• _INPUT DATA_:

================================

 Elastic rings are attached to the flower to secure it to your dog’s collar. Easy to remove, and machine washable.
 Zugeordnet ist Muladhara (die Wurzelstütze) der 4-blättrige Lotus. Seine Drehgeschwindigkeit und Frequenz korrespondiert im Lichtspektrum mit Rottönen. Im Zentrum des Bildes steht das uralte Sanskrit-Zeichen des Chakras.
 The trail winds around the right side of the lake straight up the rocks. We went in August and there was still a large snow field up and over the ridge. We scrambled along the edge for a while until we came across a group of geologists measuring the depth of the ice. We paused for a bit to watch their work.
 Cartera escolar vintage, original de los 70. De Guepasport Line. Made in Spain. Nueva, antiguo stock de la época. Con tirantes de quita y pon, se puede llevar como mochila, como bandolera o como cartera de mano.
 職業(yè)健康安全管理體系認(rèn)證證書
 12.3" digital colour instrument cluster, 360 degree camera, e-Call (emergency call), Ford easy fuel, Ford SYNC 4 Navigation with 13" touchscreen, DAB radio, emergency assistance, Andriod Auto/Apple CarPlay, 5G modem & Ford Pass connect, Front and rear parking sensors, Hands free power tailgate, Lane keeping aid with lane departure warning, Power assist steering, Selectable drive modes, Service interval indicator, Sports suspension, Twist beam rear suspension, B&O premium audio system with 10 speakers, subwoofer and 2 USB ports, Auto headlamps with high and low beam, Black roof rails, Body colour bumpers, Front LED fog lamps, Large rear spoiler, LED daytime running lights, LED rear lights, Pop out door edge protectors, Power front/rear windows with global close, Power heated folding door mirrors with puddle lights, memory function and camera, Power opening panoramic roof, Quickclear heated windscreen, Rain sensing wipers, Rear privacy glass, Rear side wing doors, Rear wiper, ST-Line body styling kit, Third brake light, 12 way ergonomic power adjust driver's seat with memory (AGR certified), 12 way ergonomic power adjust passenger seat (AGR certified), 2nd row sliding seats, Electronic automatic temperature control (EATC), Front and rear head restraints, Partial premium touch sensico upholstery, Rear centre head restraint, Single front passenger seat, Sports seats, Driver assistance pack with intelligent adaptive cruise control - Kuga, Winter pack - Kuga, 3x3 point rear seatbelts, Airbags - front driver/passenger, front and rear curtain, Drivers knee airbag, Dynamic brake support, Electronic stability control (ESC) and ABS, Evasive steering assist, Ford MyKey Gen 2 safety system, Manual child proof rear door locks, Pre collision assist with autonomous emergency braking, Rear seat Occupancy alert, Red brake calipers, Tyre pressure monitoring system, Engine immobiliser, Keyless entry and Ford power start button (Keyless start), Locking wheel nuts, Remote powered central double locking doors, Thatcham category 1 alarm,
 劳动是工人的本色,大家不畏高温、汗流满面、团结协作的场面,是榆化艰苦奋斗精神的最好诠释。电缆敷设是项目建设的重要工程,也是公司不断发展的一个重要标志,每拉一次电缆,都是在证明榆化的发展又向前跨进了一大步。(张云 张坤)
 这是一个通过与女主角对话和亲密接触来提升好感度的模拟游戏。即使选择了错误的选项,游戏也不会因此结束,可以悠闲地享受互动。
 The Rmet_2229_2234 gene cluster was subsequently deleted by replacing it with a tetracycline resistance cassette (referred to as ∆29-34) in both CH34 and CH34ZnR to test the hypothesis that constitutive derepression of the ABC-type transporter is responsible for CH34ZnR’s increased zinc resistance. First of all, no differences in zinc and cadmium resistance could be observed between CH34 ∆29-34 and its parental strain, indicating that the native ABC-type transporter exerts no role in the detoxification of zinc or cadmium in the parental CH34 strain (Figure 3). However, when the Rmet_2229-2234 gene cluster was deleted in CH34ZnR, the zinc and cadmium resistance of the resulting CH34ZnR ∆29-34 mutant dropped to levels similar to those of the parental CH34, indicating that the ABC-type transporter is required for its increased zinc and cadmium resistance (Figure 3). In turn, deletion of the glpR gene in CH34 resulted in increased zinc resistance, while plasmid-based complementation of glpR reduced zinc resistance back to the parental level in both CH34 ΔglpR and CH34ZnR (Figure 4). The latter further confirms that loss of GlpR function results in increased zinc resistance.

================================

All of the entries must be printed again exactly as given.

• _YOUR SOLUTION_:
 Elastic rings are attached to the flower to secure it to your dog’s collar. Easy to remove, and machine washable.
 Zugeordnet ist Muladhara (die Wurzelstütze) der 4-blättrige Lotus. Seine Drehgeschwindigkeit und Frequenz korrespondiert im Lichtspektrum mit Rottönen. Im Zentrum des Bildes steht das uralte Sanskrit-Zeichen des Chakras.
 The trail winds around the right side of the lake straight up the rocks. We went in August and there was still a large snow field up and over the ridge. We scrambled along the edge for a while until we came across a group of geologists measuring the depth of the ice. We paused for a bit to watch their work.
 Cartera escolar vintage, original de los 70. De Guepasport Line. Made in Spain. Nueva, antiguo stock de la época. Con tirantes de quita y pon, se puede llevar como mochila, como bandolera o como cartera de mano.
 職業(yè)健康安全管理體系認(rèn)證證書
 12.3" digital colour instrument cluster, 360 degree camera, e-Call (emergency call), Ford easy fuel, Ford SYNC 4 Navigation with 13" touchscreen, DAB radio, emergency assistance, Andriod Auto/Apple CarPlay, 5G modem & Ford Pass connect, Front and rear parking sensors, Hands free power tailgate, Lane keeping aid with lane departure warning, Power assist steering, Selectable drive modes, Service interval indicator, Sports suspension, Twist beam rear suspension, B&O premium audio system with 10 speakers, subwoofer and 2 USB ports, Auto headlamps with high and low beam, Black roof rails, Body colour bumpers, Front LED fog lamps, Large rear spoiler, LED daytime running lights, LED rear lights, Pop out door edge protectors, Power front/rear windows with global close, Power heated folding door mirrors with puddle lights, memory function and camera, Power opening panoramic roof, Quickclear heated windscreen, Rain sensing wipers, Rear privacy glass, Rear side wing doors, Rear wiper, ST-Line body styling kit, Third brake light, 12 way ergonomic power adjust driver's seat with memory (AGR certified), 12 way ergonomic power adjust passenger seat (AGR certified), 2nd row sliding seats, Electronic automatic temperature control (EATC), Front and rear head restraints, Partial premium touch sensico upholstery, Rear centre head restraint, Single front passenger seat, Sports seats, Driver assistance pack with intelligent adaptive cruise control - Kuga, Winter pack - Kuga, 3x3 point rear seatbelts, Airbags - front driver/passenger, front and rear curtain, Drivers knee airbag, Dynamic brake support, Electronic stability control (ESC) and ABS, Evasive steering assist, Ford MyKey Gen 2 safety system, Manual child proof rear door locks, Pre collision assist with autonomous emergency braking, Rear seat Occupancy alert, Red brake calipers, Tyre pressure monitoring system, Engine immobiliser, Keyless entry and Ford power start button (Keyless start), Locking wheel nuts, Remote powered central double locking doors, Thatcham category 1 alarm,
 劳动是工人的本色,大家不畏高温、汗流满面、团结协作的场面,是榆化艰苦奋斗精神的最好诠释。电缆敷设是项目建设的重要工程,也是公司不断发展的一个重要标志,每拉一次电缆,都是在证明榆化的发展又向前跨进了一大步。(张云 张坤)
 这是一个通过与女主角对话和亲密接触来提升好感度的模拟游戏。即使选择了错误的选项,游戏也不会因此结束,可以悠闲地享受互动。
 The Rmet_2229_2234 gene cluster was subsequently deleted by replacing it with a tetracycline resistance cassette (referred to as ∆29-34) in both CH34 and CH34ZnR to test the hypothesis that constitutive derepression of the ABC-type transporter is responsible for CH34ZnR’s increased zinc resistance. First of all, no differences in zinc and cadmium resistance could be observed between CH34 ∆29-34 and its parental strain, indicating that the native ABC-type transporter exerts no role in the detoxification of zinc or cadmium in the parental CH34 strain (Figure 3). However, when the Rmet_2229-2234 gene cluster was deleted in CH34ZnR, the zinc and cadmium resistance of the resulting CH34ZnR ∆29-34 mutant dropped to levels similar to those of the parental CH34, indicating that the ABC-type transporter is required for its increased zinc and cadmium resistance (Figure 3). In turn, deletion of the glpR gene in CH34 resulted in increased zinc resistance, while plasmid-based complementation of glpR reduced zinc resistance back to the parental level in both CH34 ΔglpR and CH34ZnR (Figure 4). The latter further confirms that loss of GlpR function results in increased zinc resistance.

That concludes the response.